Anyone have more info on building T-lines? Posted on Saturday, November 14, 2009 - 17:58 GMTIDK if your wrong in your design but I have found this diagram and it is different from your design. } This is a tappered version for lower fresquency subs but it is still the same concept. An well your design seems like the placement of your sub will reflect the sound wave back to the speaker. Is there anyone with more knowledge of this box design.

That link you have all the pictures are corrupt so that is no help. I'm am trying to desgin one of these boxes. Posted on Wednesday, November 18, 2009 - 06:50 GMTIsobaric is so u can 1/2 the vas! Allows u to put say a 15' speaker in a box 1/2 the size.

But- its less efficient. Just allows u to use a larger speaker in a smaller box.

BUT- then ur throwing away money on the 2nd driver- cuz the cone area isnt utilized? SO why not just spend ur money on the proper drivers for the size of box u can build for the space u want to use up?

If u go ported say, then each time u Double the cone area, u gain 3 db (unless each speaker receives the same power )ie: 2x 10's, then 4x 10's, then 8x 10's then 16x 10's. THE more drivers and cone area- the MORE output given the same power. Telugu mp3 songs free download.
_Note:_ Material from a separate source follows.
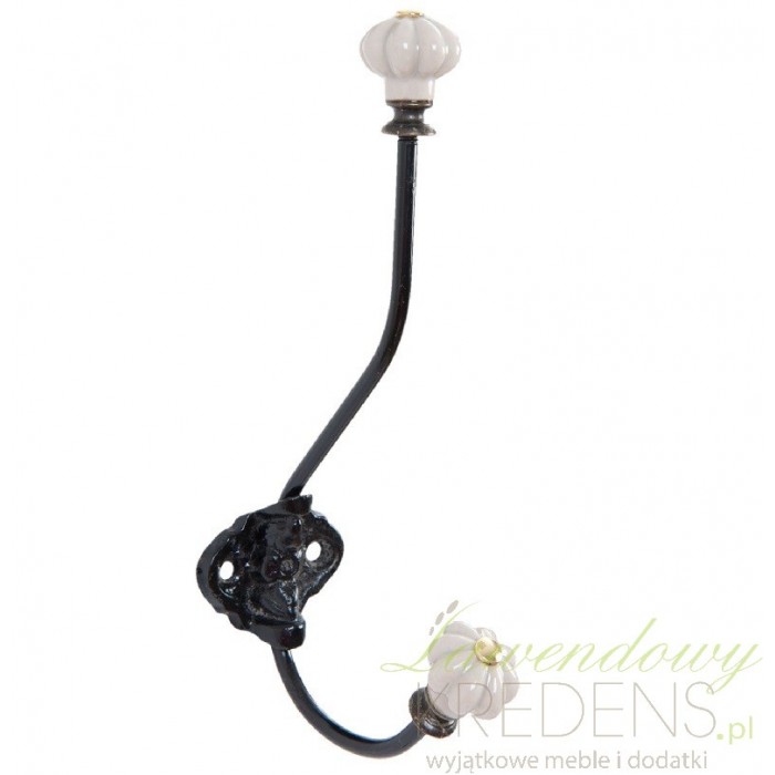 Tradycyjne wieszaki ścienne warto zastąpić przez wieszaki w stylu prowansalskim. To właśnie proste, ale zarazem oryginalnie zdobione wieszaki ścienne nadadzą wnętrzu ostateczny charakter. Wieszak scienny, który dla Ciebie przygotowaliśmy to metalowy, smukły uchwyt z dwoma haczykami zakończonymi białą gałką w kształcie kwiatuszka. Wybierz czarny wieszak do kuchni, do łazienki i do przedpokoju.

IF u dump 3000 watts to an 8' sub- it can only mover so far and only move so much air. Better to go MORE cone squares.

Quarter Wavelength Loudspeaker Design Quarter Wavelength Loudspeaker Design by Martin J. King, 7/17/2002 (last revised 1/27/2019) Welcome to my quarter wavelength loudspeaker design website. The most common example of a loudspeaker that relies on a quarter wavelength acoustic standing wave is a transmission line enclosure. This style of loudspeaker has been on the fringe of the audio mainstream for many years with just a few smaller companies building and marketing this enclosure design.
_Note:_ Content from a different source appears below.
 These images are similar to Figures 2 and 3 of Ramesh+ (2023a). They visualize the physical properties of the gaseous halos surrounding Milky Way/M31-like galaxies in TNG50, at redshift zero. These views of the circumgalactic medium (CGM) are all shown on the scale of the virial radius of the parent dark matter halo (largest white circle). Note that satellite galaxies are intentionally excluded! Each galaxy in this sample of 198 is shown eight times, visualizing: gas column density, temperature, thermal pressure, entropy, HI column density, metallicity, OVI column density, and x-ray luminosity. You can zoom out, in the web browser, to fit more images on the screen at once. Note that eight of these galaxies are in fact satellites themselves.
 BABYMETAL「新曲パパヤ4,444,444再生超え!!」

Even more exotic and rare in the audio marketplace are the TQWT and the horn loaded enclosure designs. All of these enclosures utilize acoustic standing waves that can be described as multiples of a quarter cycle of a sine or cosine function. Hence my terminology of a 'Quarter Wavelength Loudspeaker Design' to describe the content of the articles contained in this website.

I have been interested in transmission line loudspeakers for almost 25 years. However, for a long time the lack of a proven mathematical model prevented me from actually pursuing and building this style of loudspeaker enclosure. Over the past 15 years, I have built a number of closed and ported box loudspeakers based on the equivalent circuit models descibed by Thiele and Small. About 15 years ago, I decided to try and develop my own mathematical model to simulate transmission line loudspeakers using the MathCad computer program. This decision set off the chain of events that eventually resulted in this website.

My first two quarter wavelength style enclosures were designed mathematically, built, and then final acoustic and impedance measurements were performed. During the process of completing these two loudspeakers, the MathCad models went through a continuous evolution which produced more accurate calculated results leading to better correlations between the predictions and the measurements.